Module 6 Unit 1 - Data Analysis#
Unit Learning Objectives#
By the end of this unit, you will be able to
Explain what data analysis and why it’s important
Understand how visualizations of data can impact our understanding
What is Data Analysis?#
Data analysis is defined by Wikipedia to be “a [process] of working with data with the goal of discovering useful information, informing conclusions, and supporting decision-making.”
This process can be visualized as steps in a pyramid (known at the DIKW or data pyramid), where each step up the pyramid adds value in terms of insight from the initial raw data.
Being able to analyze data is an important component in data literacy. As this article about ideas discussed at the 2018 World Data Forum illustrates, data can not always be trusted, and even accurate data can still be misleading.
Data analysis enables students, teachers, and citizens to identify incorrect or misleading information and communicate more clearly. These skills are critical to making informed decisions throughout organizations in both public and private sectors.
A wide range of professions involve the frequent use of data analytics, examples include researchers, teachers, data scientists, and statisticians. People in these professions are employed in all manner of industries, including business, government, sciences, technology, and journalism.

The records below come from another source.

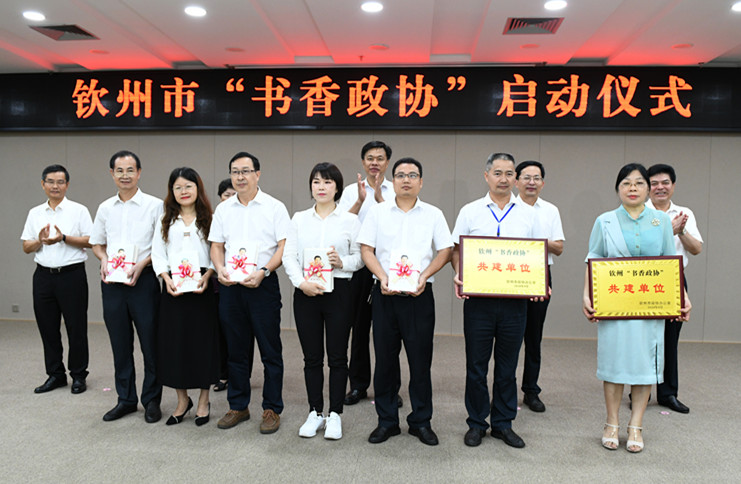 启动仪式上,陈锦山副书记与市委领导向政协委员代表赠书。市政协主席吕洪安、党组副书记陆明向beat365官网图书馆、钦州市图书馆授予“钦州‘书香政协’共建单位”牌匾。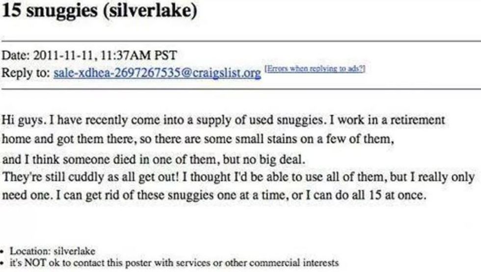 It’s an absurd world out there and, somehow, all of that absurdity winds up on Craigslist at one point or another. If you don’t have the time to browse the many sections and subsections of one of the leading classified websites in search of pure internet gold, here is a list of the funniest advertisements that you’re missing out on.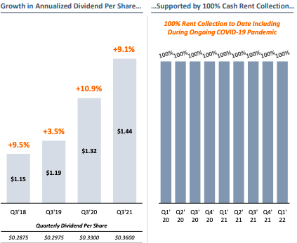 Over the last few years, VICI has proved its resiliency despite the pandemic bringing economies to a halt. The company collected 100% of its rent throughout the pandemic due to its operating excellence and liquidity of tenants. 80% of the company’s rent roll is on the S&P 500. The company has also continued growth in its annualized dividend per share as seen in the company charts below: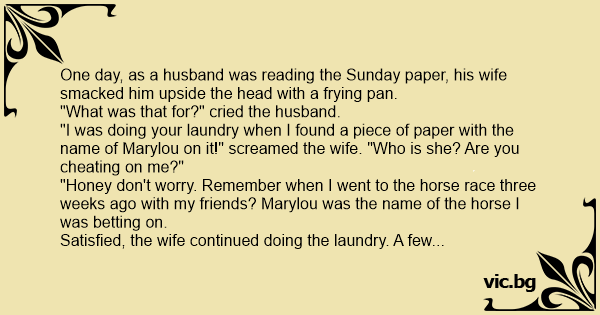 Satisfied, the wife continued doing the laundry. A few hours later, the wife smacked the husband with a frying pan again.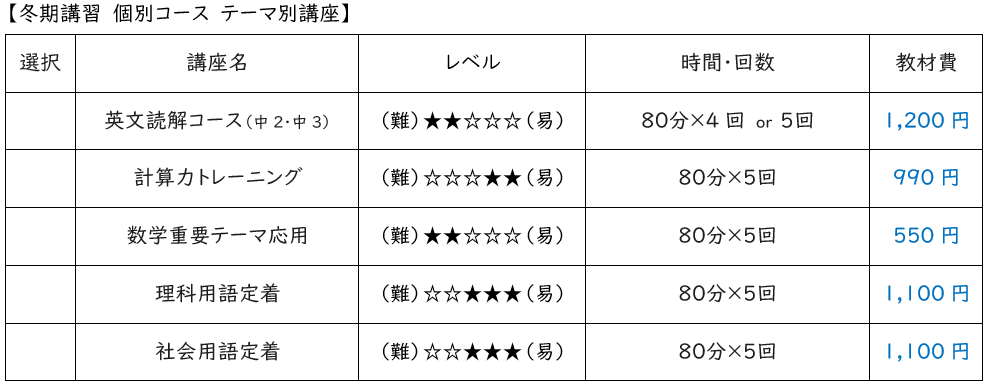 小学生・中学生・高校生の個別コース冬期講習は満席のため新規の受付を終了しました(現在の塾生のみで行います)。
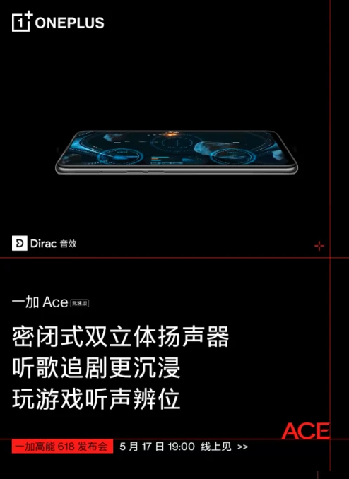 在618购物节到来之际,一加持续发力带来一加Ace竞速版,满足更多追求性能和游戏体验的用户。一加Ace竞速版将于5月17日19:00正式发布,更多新品信息请关注一加官网、一加手机官方微博等渠道。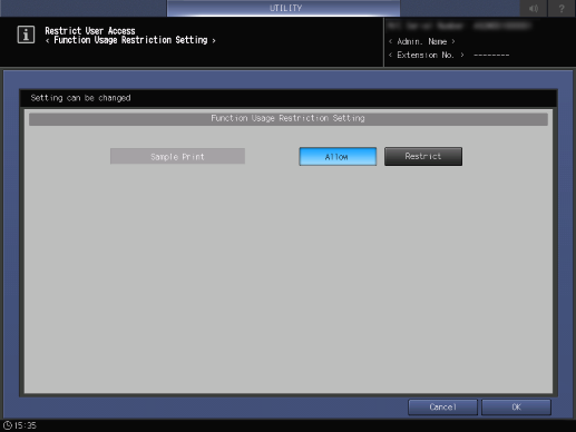 Control panel - Utility/Counter - [Administrator Setting] - [Security Setting] - [Security Details] - [Restrict User Access] - [Function Usage Restriction]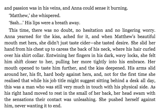 So it’s all about the details – the feel of the jumper underneath a palm, the heartbeat, the hand moving to the small of the back, to build up a picture of a moment. It’s not about the actual kiss, as such, as there are only so many ways to describe the meeting of lips, it’s about what goes before, and the sensations that the kiss evokes in those doing the kissing. And, hopefully, that creates a sensation and emotion in the reader/viewer too!

The field of data science in particular is rapidly evolving and brings a scientific approach to analyzing data from new and growing sources, including open data, sensor data, and social media data. Using these new sources to data scientist are developing both predictive and prescriptive insights which can improve organizational efficiency, drive policy, and create better methods of decision-making. Professionals in this field tend to be inquisitive, have strong coding and software skills, and expertise in math and statistics.
The programming language of choice for many data scientists is Python.

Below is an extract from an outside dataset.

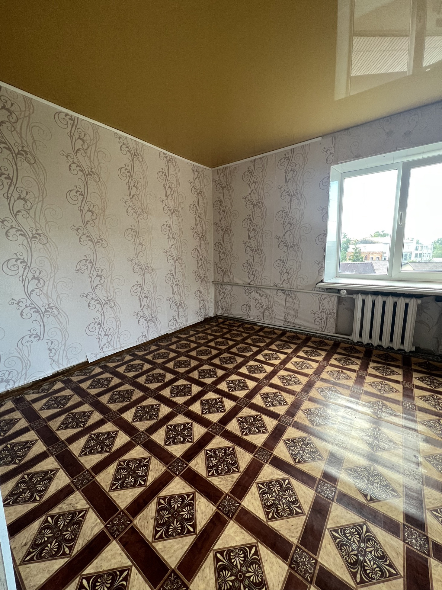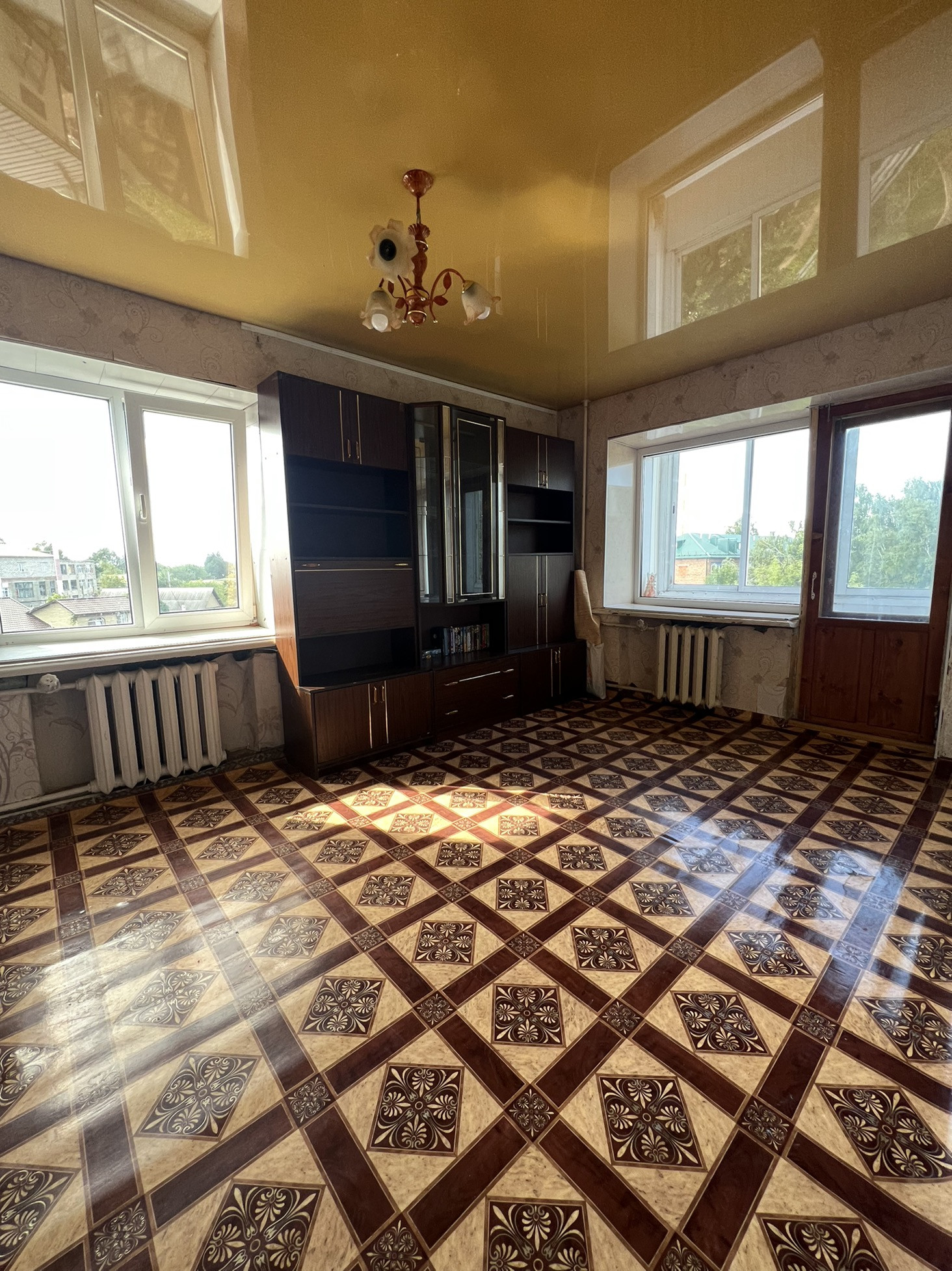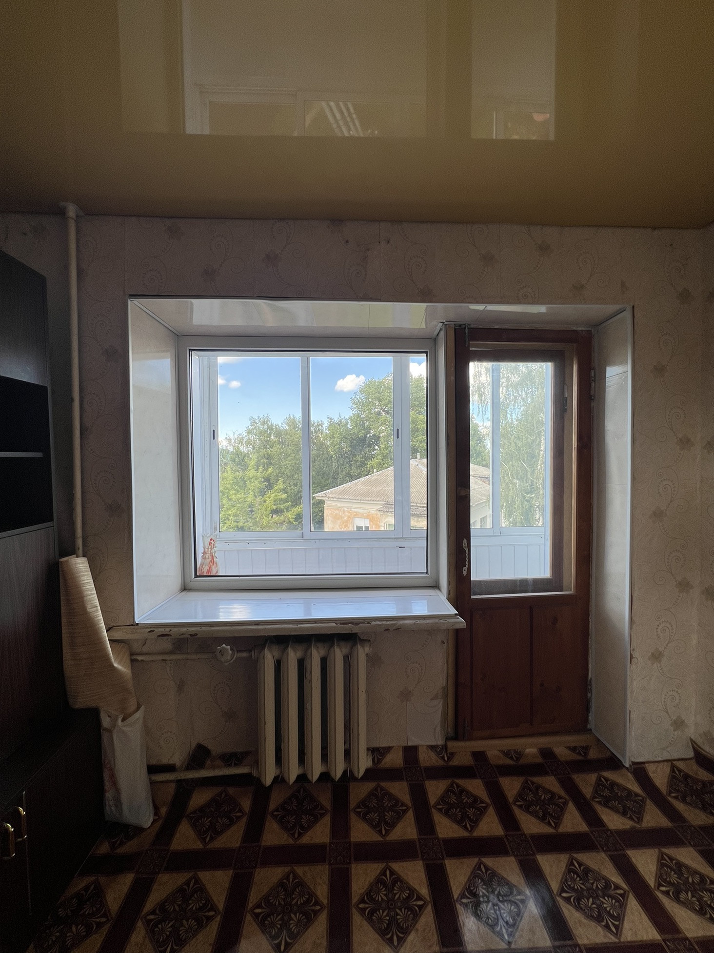 Комната просторная , очень светлая с выходом на балкон. Балкон застеклен

from IPython.display import YouTubeVideo
YouTubeVideo('7yDmGnA8Hw0')
External Activity: Representing Data#
A key part in analyzing data is understanding how to represent it in ways that are clear and not misleading. Let’s explore this further using a Jupyter notebook.
Follow the steps below to add the Data Representation notebook to your Callysto hub.
Click this link to open the notebook in your Callysto Hub.
If you have any difficulty following the link, you can also search for the Data Representation notebook in Callysto’s learning module library at https://callysto.ca/learning_modules
As we learned in Module 4, any notebooks you open in Callysto are automatically added to your personal hub, allowing you to revisit and alter them if you wish.
After opening the notebook in Callysto, click Run All to view the learning module as it is intended to be displayed.
When displayed correctly, there shouldn’t be any large blocks of code.
Once you have opened and run the Data Representation notebook in Callysto, read through the content and follow any activity prompts to learn about different ways data can be visualized.